Lucinda Lewis  

Embouchure Overuse Syndrome in Brass Players

Lucinda Lewis
February 28, 2019

Editor's Abstract (Click to Hide)

Lucinda Lewis, Principal Horn with the New Jersey Symphony and author of Broken Embouchures, explores the symptoms and treatment of embouchure overuse syndrome. She explains how the basic mechanical structure of the embouchure works while playing, and how it can become damaged and disabled by an episode of overuse.

Cindy lists the hallmark physical symptoms of embouchure overuse, and denotes the most common playing problems that result from overuse. One of the most important issues to consider is sensory feedback, which is critical to brass playing. Finally, she offers a list of clues that can indicate that you are developing embouchure overuse syndrome. The only treatment is mechanical rehabilitation, which can be frustrating but, if done correctly, can restore the embouchure to proper functioning.

- Ann Drinan
Embouchure overuse syndrome is the single most common performance injury suffered by brass players. It is an enigmatic, self-perpetuating injury syndrome that defies medical diagnosis and treatment. Its symptoms include lip pain, lip swelling, embouchure weakness, loss of technical control, lack of endurance, difficulty playing in the high range, and general playing disability. Overuse syndrome does not discriminate. It disables players of every level and accomplishment. While other things, such as a medical or dental condition, can cause a player to develop overuse syndrome, embouchure overuse is almost always the cause.
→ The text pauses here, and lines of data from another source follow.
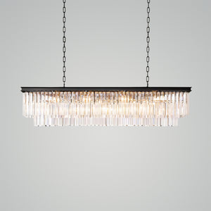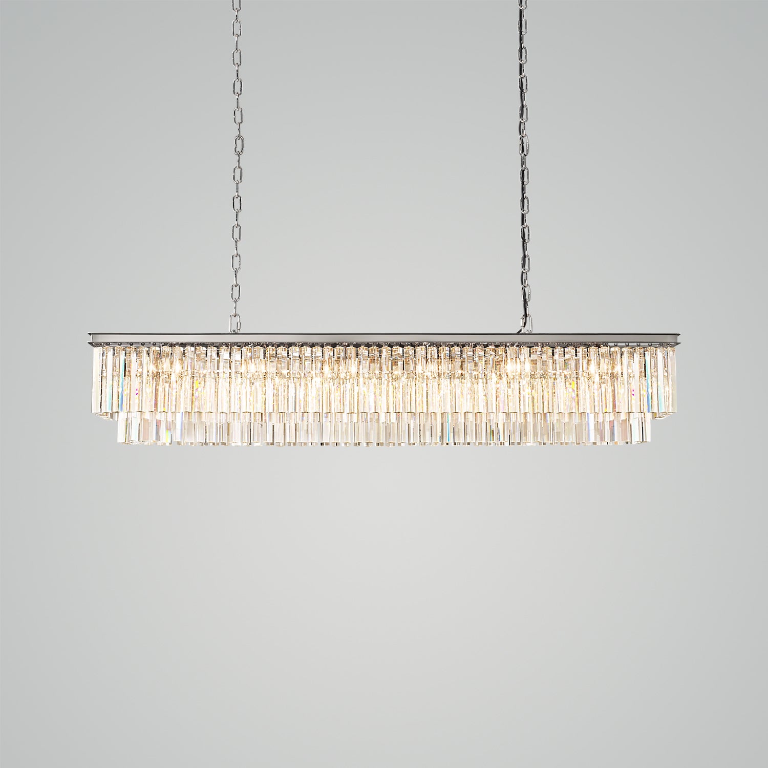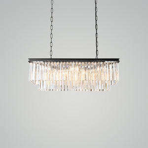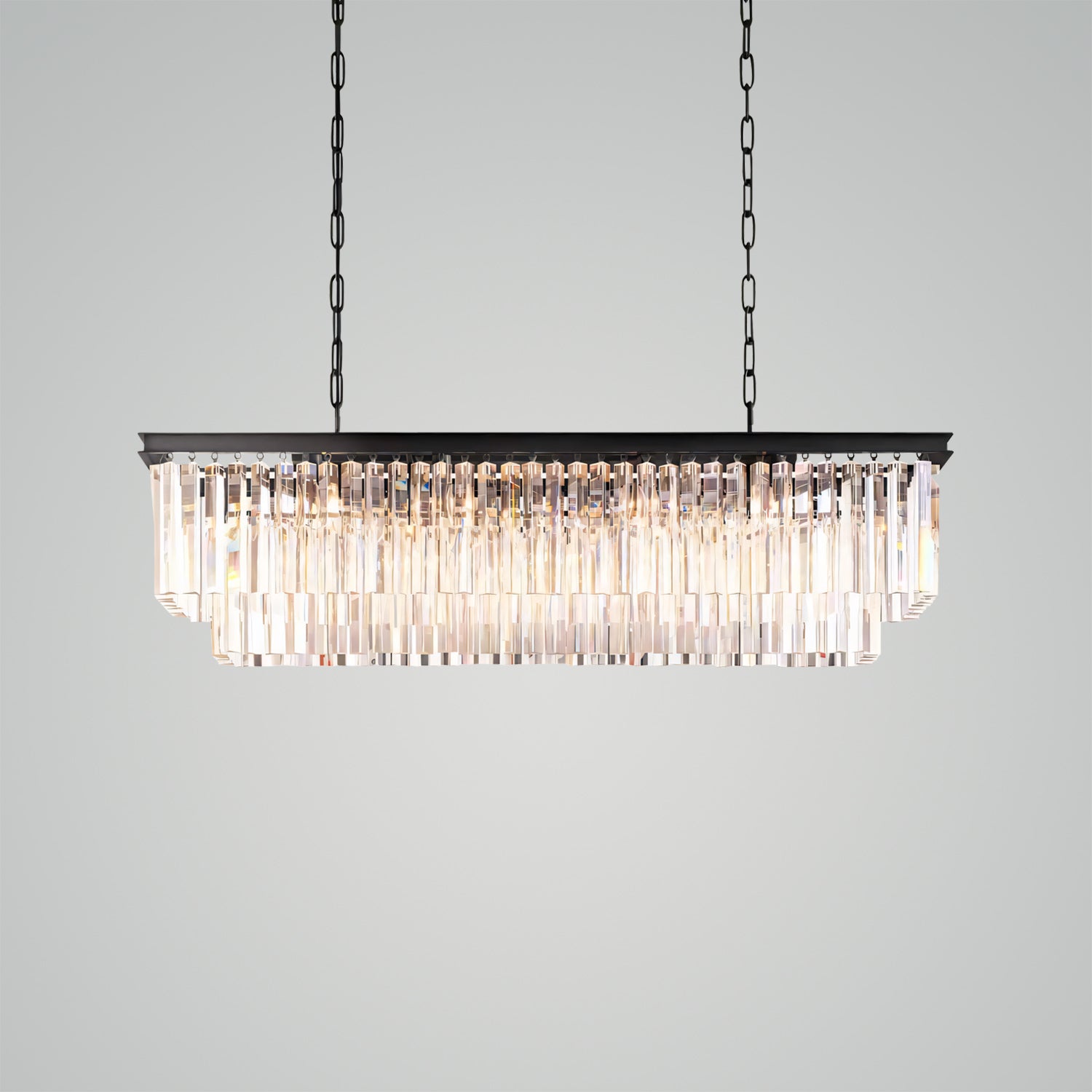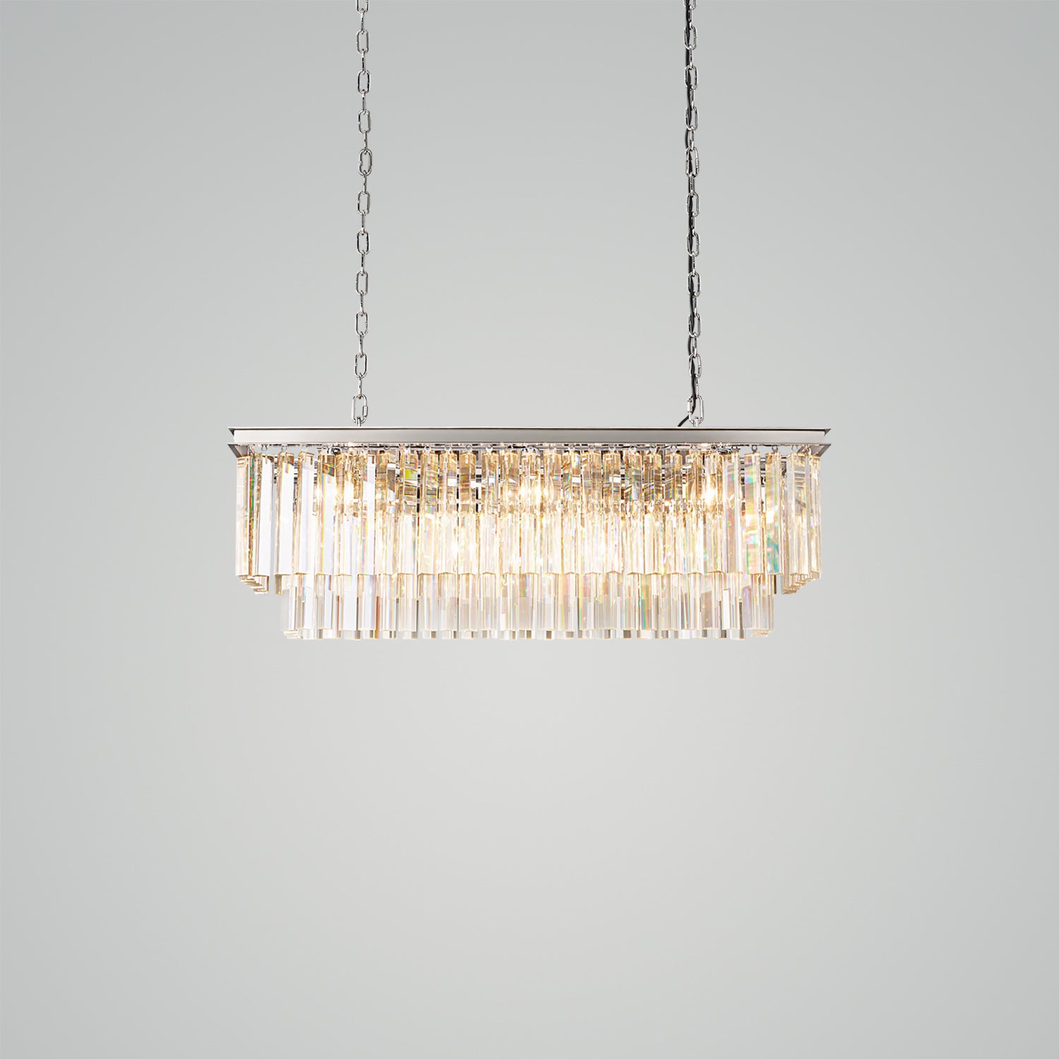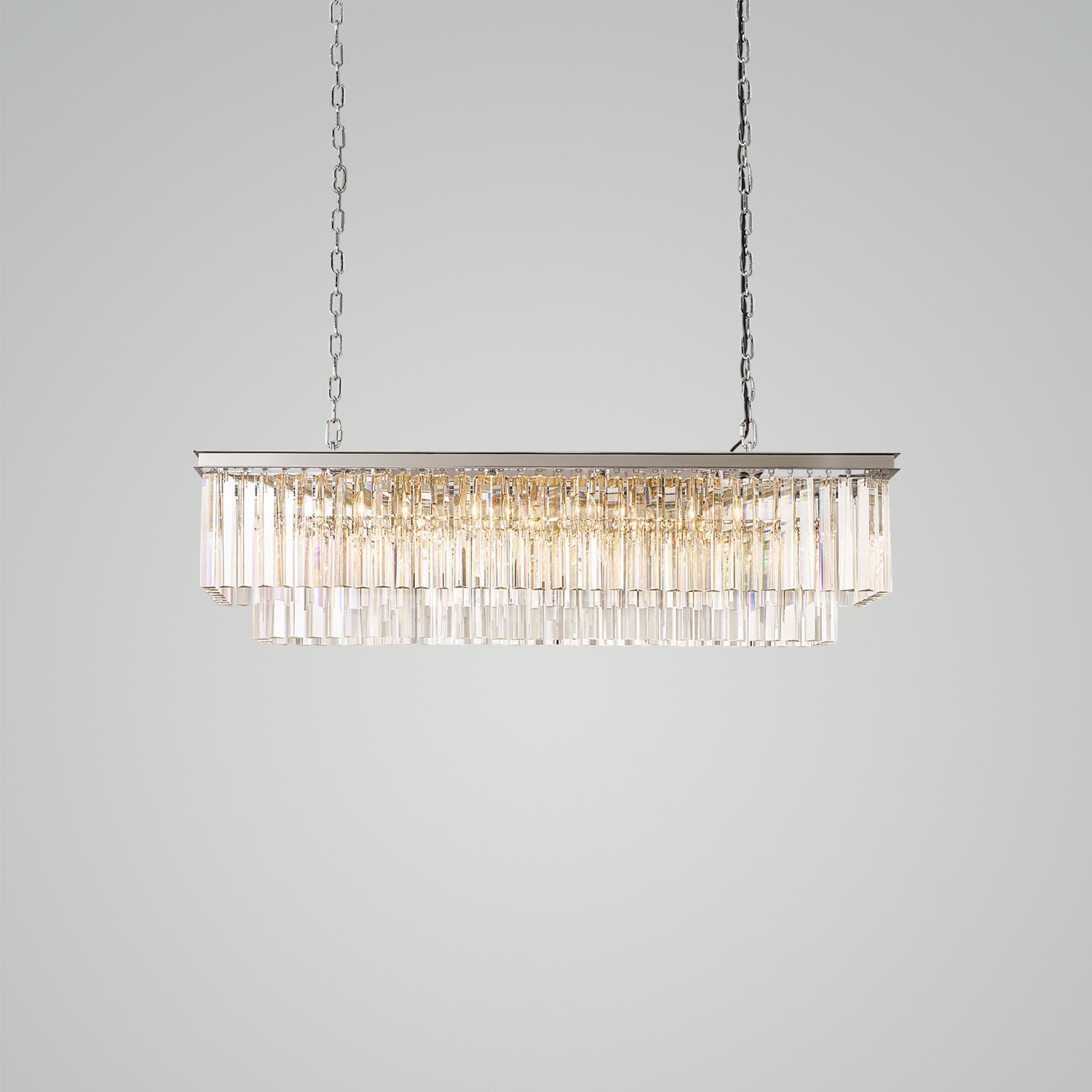 This collection is inspired by the Art Deco style of 1920s Paris, capturing the era's fascination with geometric forms. Hundreds of finely cut, dynamic prisms masterfully refract light, evoking the allure of that time. The sharp lines of the glass hang like lush fringe from a welded iron frame, juxtaposing elegance with industrialism.
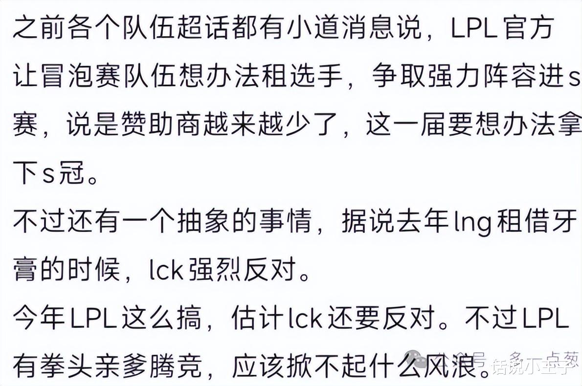 同时也有知情人对此进行爆料,世界赛前确实有一个比赛要打,不是正赛,是没有进入世界赛的队伍需要打。有不少粉丝根据这点信息推测出,很有可能是租借选手去世界赛队伍。有另外一名知情人他就直接说了,LPL官方让冒泡赛队伍想办法租借选手,争取实力强的阵容进入世界赛,说是赞助商越来越少了,这一届要想办法拿下s冠。不过去年LNG租借牙膏的时候,遭到LCK强烈反对。今年LPL这样租借选手,肯定也会遭到LCK强烈反对。不过问题并不大,LCK掀不起什么风浪。
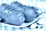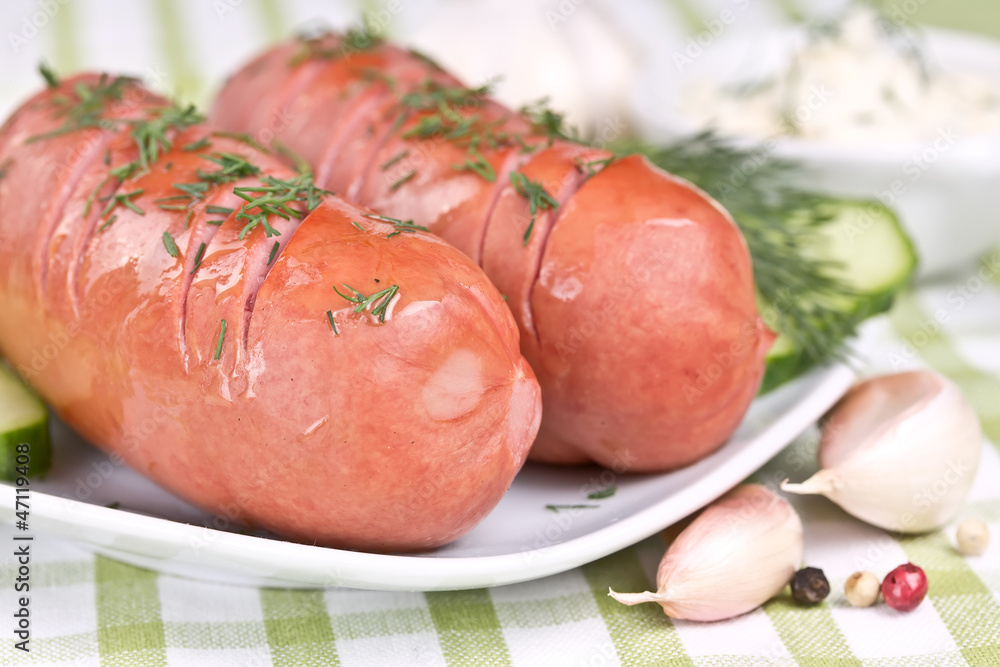 grilled sausage with cucumber slices
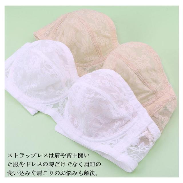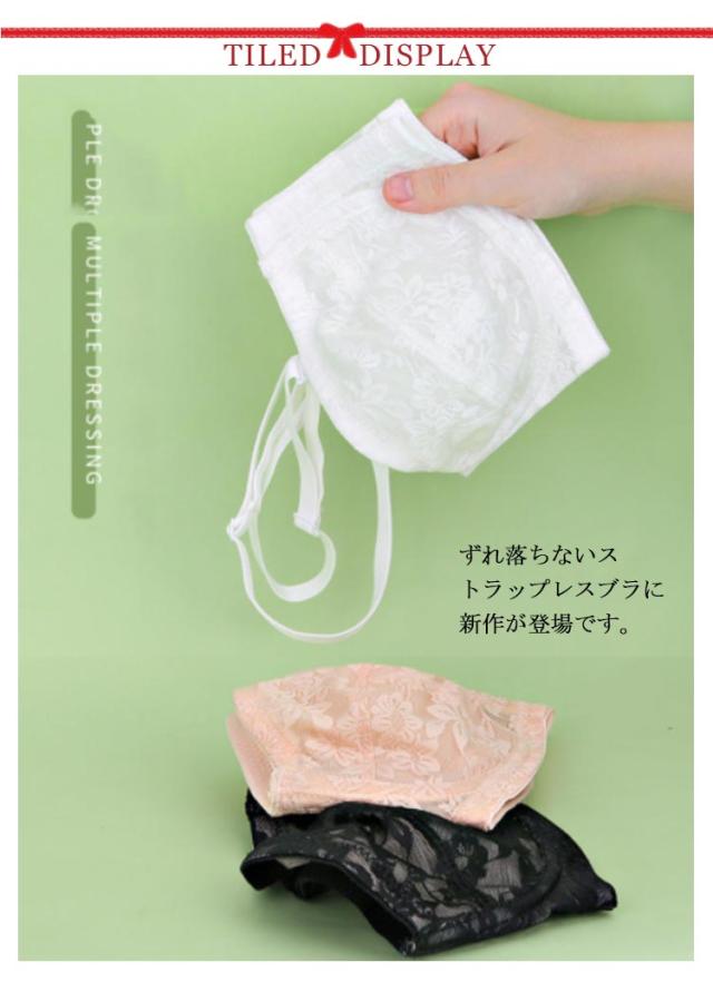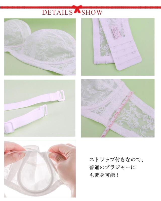 | 肩や胸元のあいたドレスに絶対おすすめ! ずれ落ちないストラップレスブラに新作が登場です。 かわいいレースデザイン、胸を小さく見えるストラップレスブラ。 薄手レース素材を使用、綺麗なシルエットにカップ部分は柔らか素材で通気性があり汗ばむ季節も快適。 ストラップレスは肩や背中開いた服やドレスの時だけでなく肩紐の食い込みや肩こりのお悩みも解決。 オフショルダー、キャミソール、どんな装いにも合わせやすく、幅広いシーンで大活躍するストラップレスブラジャー。 ストラップ付きなので、普通のブラジャーにも変身可能! オンにもオフにも使える万能ブラです。 | |
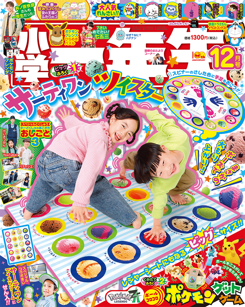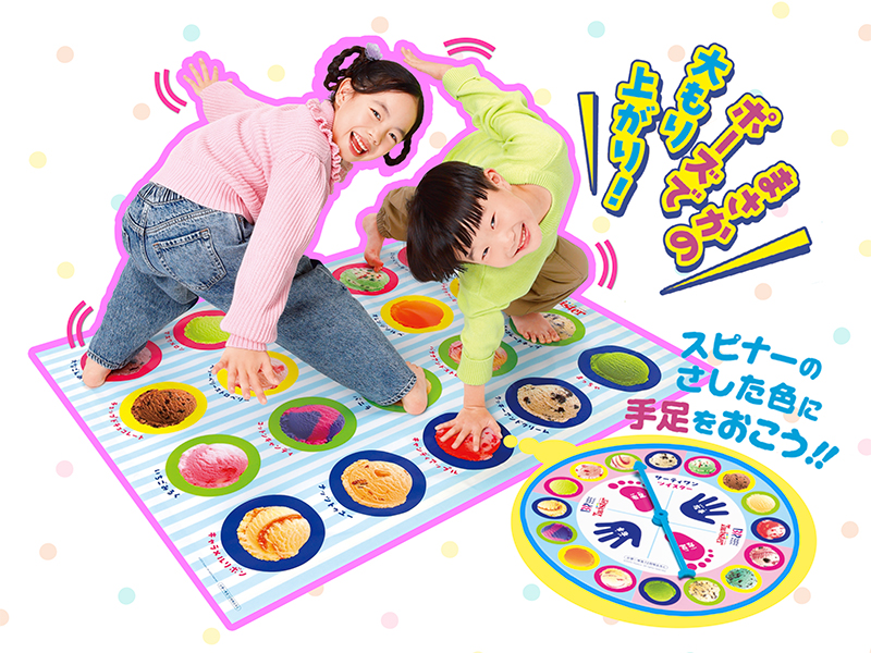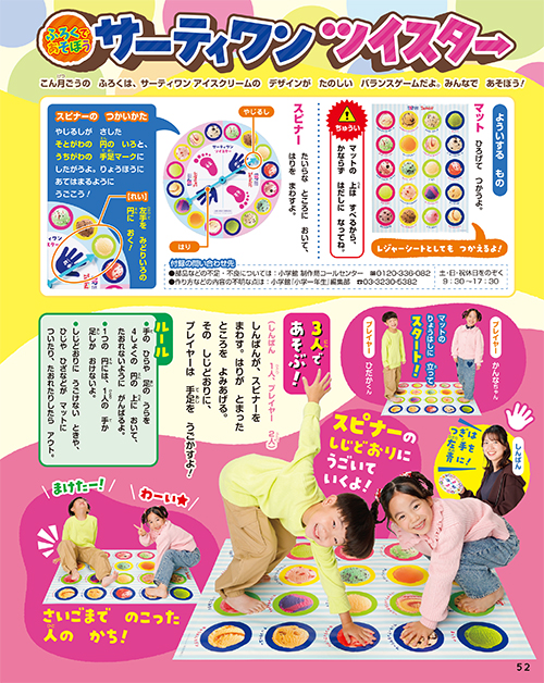 今月号のふろくは、お友だちや家族といっしょに盛り上がれる「サーティワン ツイスター」だよ!
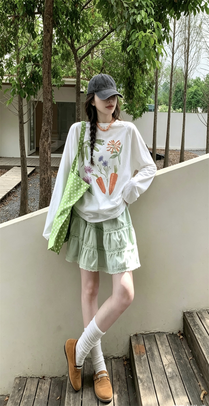 실사 정가 느긋한 달콤함 과일 푸성귀 프린트 얇은 스타일 자외선 차단 긴팔 맨위 한 마디 케이크 드레스 투피스 슈트
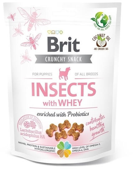 Brit Care Dog Puppy Insects with Whey & Probiotics funkcionális csemegék rovarfehérjével, tejsavóval és probiotikumokkal kölyökkutyáknak. Alacsony allergiakockázat, növekedés és fejlődés támogatása és tökéletes íz. Sok fehérjét, alacsony zsírtartalmat biztosít, és támogatja a fejlődést és az emésztést. Ropogós finomság minden napra. Legfontosabb előnyök: rov
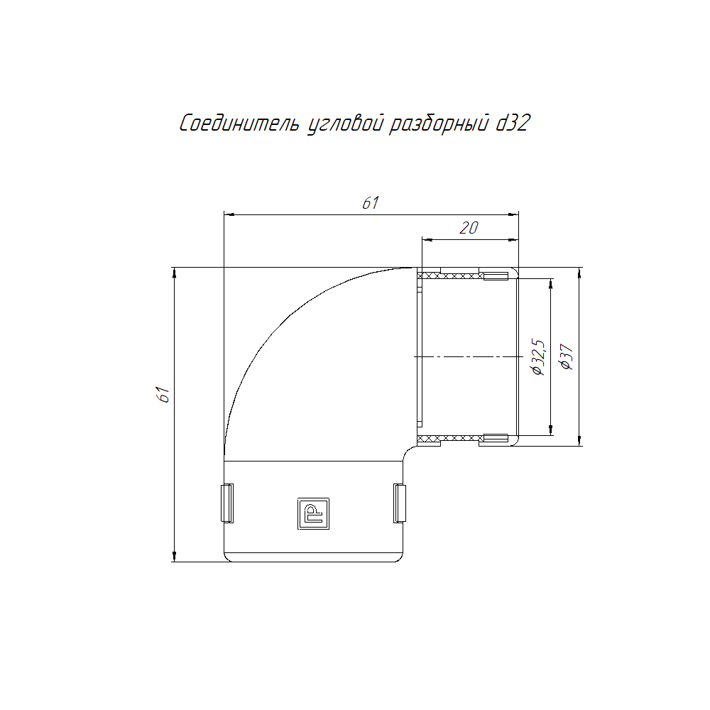 Соединитель угловой разборный д.32 мм PR.07532 (10 шт)
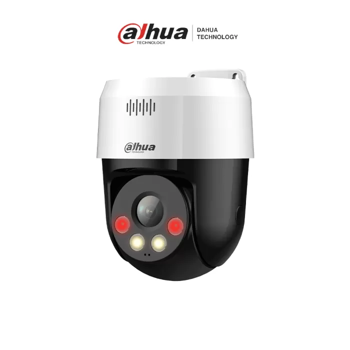 DAHUA DH-SD2A300NB-GNY-A-PV-0400 - Cámara IP PT de 3 MP con Full Color y Disuasión Activa, iluminador dual inteligente, lente fijo, alcance de 30m con IR y luz visible, audio bidireccional, protección IP66, PoE y ranura para microSD./#LoNuevo
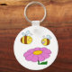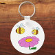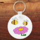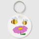 Um design bonito de duas abelhas pairando sobre uma flor rosa. Esta é uma design maravilhosa que certamente trará um sorriso à sua cara. Perfeito para uma grande variedade de produtos, você se apaixonará por ela. Estas duas abelhas e uma flor parecem excelentes nesta chaveiro. Perfeito para si mesmo ou como presente
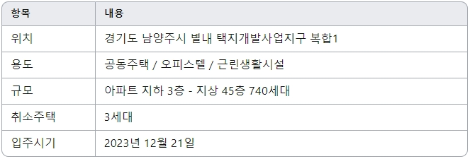 ● 위치 : 경기도 남양주시 별내 택지개발사업지구 복합 1
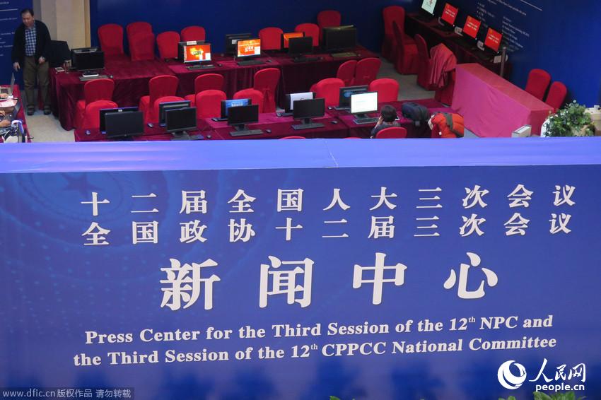Telecommunications and network service center. The press center for the annual sessions of the National People's Congress (NPC) and the Chinese People's Political Consultative Conference (CPPCC) National Committee is under preparation for the opening of the two-week meetings in Beijing on Feb. 26, 2015. A media center for the major political meetings will open from Feb. 27 at the Media Center Hotel in Beijing. (Song Fan/dfic.cn)
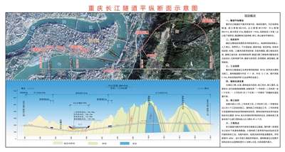 全長11.9公里,最大埋深330米,隧道頂距江底最低12米 隧道從菜園壩火車站起始,止于茶園新區花田咀村附近 下穿市政道橋、軌道交通線路、長江河谷、南山山體……
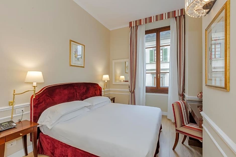 CLASSIC VIEW VIA DEI CALZAIUOLI is 140 square feet and includes either a queen-size bed 150-154 width or 2 single beds 80-130 width plus desk, satellite tv , hairdryer, tea and coffee making facilities , safe, and slippers.
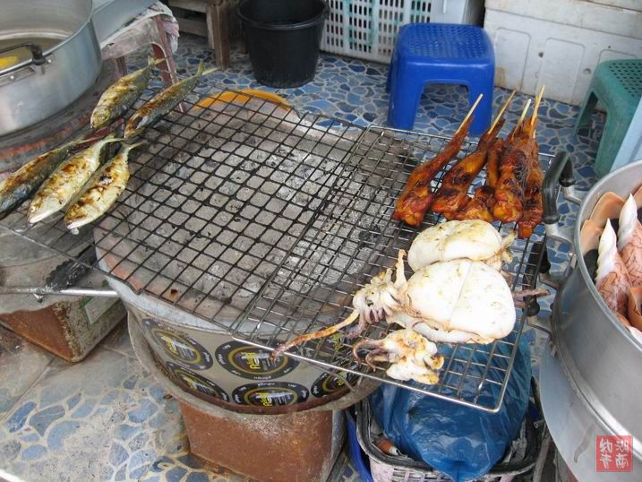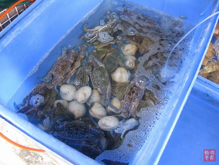 怎么样,新鲜吧?我们在这里也吃了一餐被旅行社号称为的“海鲜大餐”的海鲜,蟹一(连绑蟹的橡皮筋还缠在蟹上,没有解下)、虾一、烤海鱼一(不新鲜)、玉米棒一,如此而已。
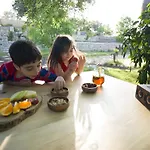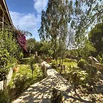 De kamers verwelkomen gasten in een patio en een zitruimte en zijn ingericht met een bank en een bureau. Er is een apart toilet en een douche, samen met een haardroger en badlakens.

Embouchure overuse occurs when a player has played too many hours or with more intensity than he is accustomed to, e.g., preparing for an audition or solo performance, a week of playing heavy orchestral repertoire, a long day of playing very high jazz charts, etc. Once a player overuses his embouchure, it goes into a state of decline from which it cannot recover without a specific kind of performance rehabilitation. The reason is that the lip pain, lip swelling, and facial fatigue that follow a large quantity of playing simply prevent the embouchure from working normally. When a player's facial muscles are forced to work with greater effort, they get to the point where they physically can no longer set or hold the embouchure with any degree of normal muscle control or stability. In addition, when a player feels lip discomfort, his natural, unconscious instinct is to "lighten up" to protect his lips, and this reactive, protective mode gradually replaces his normal playing technique. It translates into the embouchure becoming too lax and loose to have enough structure in playing to protect a player's lips and be productive in playing. It also leads to constant irritation to the lips being inflicted during playing. If the embouchure lacks stability, a player's air control fails, and his tongue cannot work efficiently. Overuse also has a major impact on the normal sensation in a player's lips and face, which often feel numb or rubbery and make everything about playing feel strange and wrong. So it doesn't take long before one's healthy embouchure technique begins to degrade into a weak and unproductive system.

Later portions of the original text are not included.